We've provided pre-compiled TensorRT-LLM wheels and containers along with this guide for TensorRT-LLM Deployment on Jetson Orin

What you need

  1. One of the following Jetson devices:

    Jetson AGX Orin *Support for other Orin devices is currently undergoing testing.

  2. Running one of the following versions of JetPack :

    JetPack 6.1 (L4T r36.4)

  3. Sufficient storage space (preferably with NVMe SSD).

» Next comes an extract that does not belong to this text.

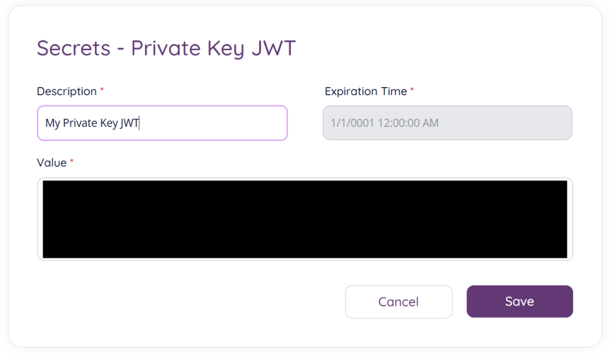 You will need to add a decription for your new secret. and add either a base64 encoded X.509 certificate or a JSON Web Key formatted RSA, EC or symmetric key in the “Value” field. The expiration time will be extracted from the provided certificate or key.
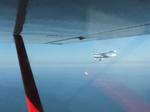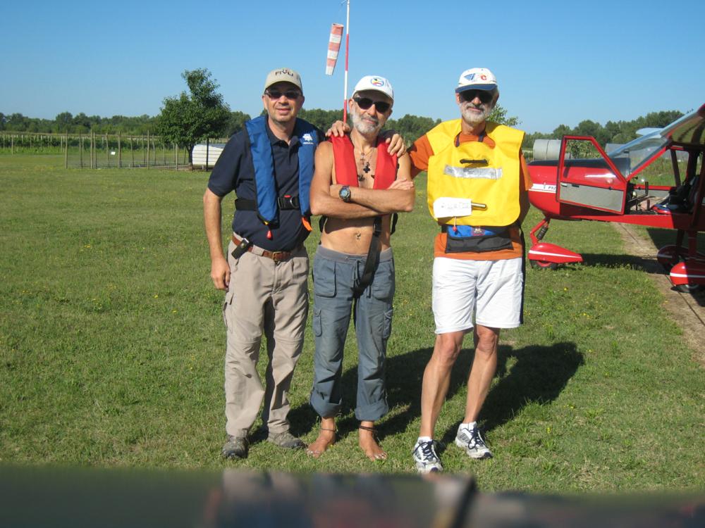 Domenica 1 = Accurati controlli prevolo, salvagenti indossati e ... via dall'elica! Seguo il Tagliamento sino a Bibione ed eccoci in mare aperto; tengo una velocità di circa 145 km/h per permettere a Flavio di seguirmi (... senza estrarre i flap) ed una quota di 500 metri (mentre immagino Lucio in rotta di collisione con qualche rottame di Sputnik o Explorer).

    • 18.5GB for tensorrt_llm container image
    • Space for models ( >10GB )
  4. Clone and setup jetson-containers :

    git clone https://github.com/dusty-nv/jetson-containers
    bash jetson-containers/install.sh
    

Building TensorRT-LLM Engine for Llama

You can find the steps for converting Llama to TensorRT-LLM under examples/llama in the repo, and also in the documentation . This script will automate the process for Llama-7B with INT4 quantization applied, and run some generation and performance checks on the model:

jetson-containers run \
  -e HUGGINGFACE_TOKEN=YOUR_API_KEY \
  -e FORCE_BUILD=on \
  dustynv/tensorrt_llm:0.12-r36.4.0 \
    /opt/TensorRT-LLM/llama.sh

There are many such conversion procedures outlined in the TensorRT-LLM examples for different model architectures.

OpenAI API Endpoint

TensorRT-LLM has programming APIs for Python and C++ available, but it also includes an example server endpoint for the OpenAI protocol that makes it easy to substitute for other local or cloud model backends.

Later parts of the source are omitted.